Monday, September 28, 2009

Google celebrates 11th birthday

Google marked its eleventh birthday on Sunday with a redesigned logo which displayed "Goog11e". However the search engine giant's actual birthday is somewhat in dispute. Last year, Google put up its 10th birthday logo on the 2nd September and, according to Wikipedia, Google was incorporated as a privately held company on the 4th September 1998. Google could also choose to celebrate on the 15th September, the date when founders Larry Page and Sergey Brin registered Google's domain name while they were still PhD students at Stanford University.
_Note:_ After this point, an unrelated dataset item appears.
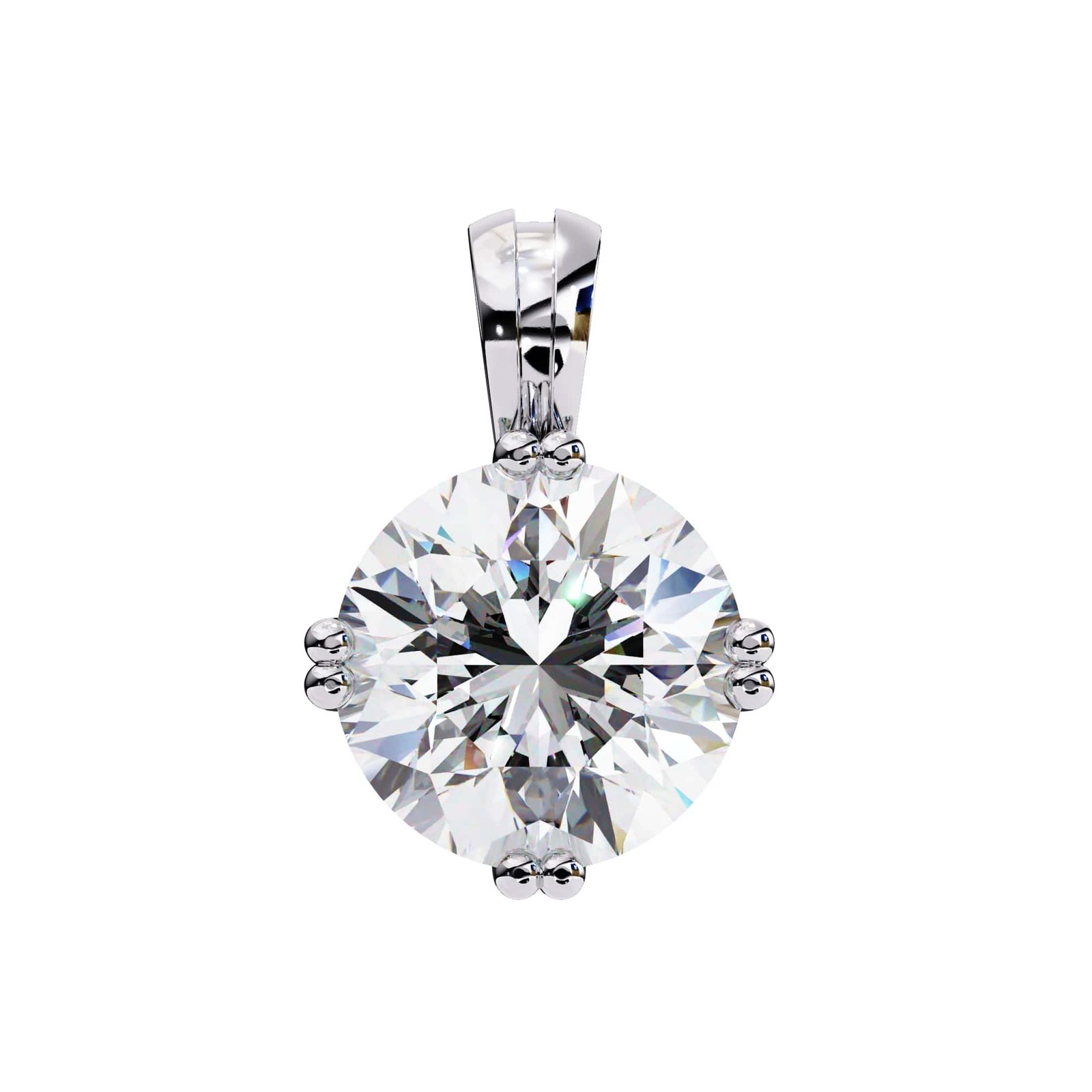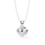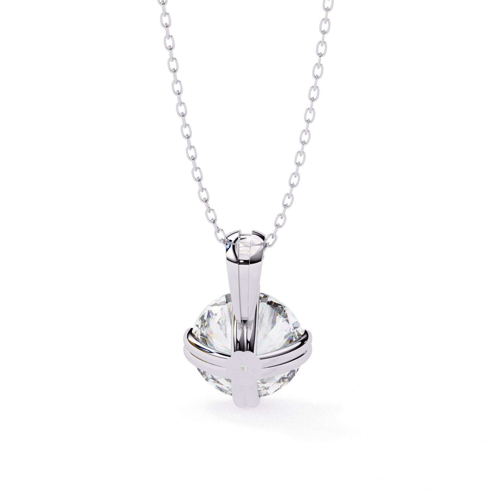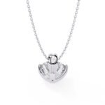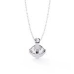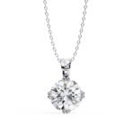A solitaire pendant featuring a round brilliant cut diamond, set in a simple pendant setting.The focus is entirely on the stone’s brilliance and the clean lines of the setting

Google actually began as a research project as far back as January 1996 though it did not become publicly available until sometime later. Originally, the search engine used the Stanford University website with the domain google.stanford.edu. The domain google.com was registered on September 15, 1997, and the company was incorporated as Google Inc. on September 4 1998 at a friend's garage in Menlo Park, California.

The company has now become a household name and if often described as the world's favourite search engine. In China it still struggles however as it faces stiff competition from locally based Baidu as well as continued interference by government censors.

Google's name originated from the misspelling of the word 'googol', the name applied to a one followed by 100 zeros. The company has been busy changing its logos in recent weeks. A series of logos depicting UFOs had many on the Internet puzzling over Google's hidden message until all was revealed with one depicting Martian spaceships on what would have been the author H.G. Wells 143rd birthday. Wells is well known for his book the War of the Worlds.

Google often marks key events with logo changes, a click on which takes the Internet user to a Google search for the subject in question. Today they marked the birthday of Chinese philosopher Confucious. He would be 2,560 today. One of Confucious's well known quotations is, "What you do not wish for yourself, do not do to others" (己所不欲,勿施於人). This is very much in line with Google's own unofficial company slogan of "Don't be evil".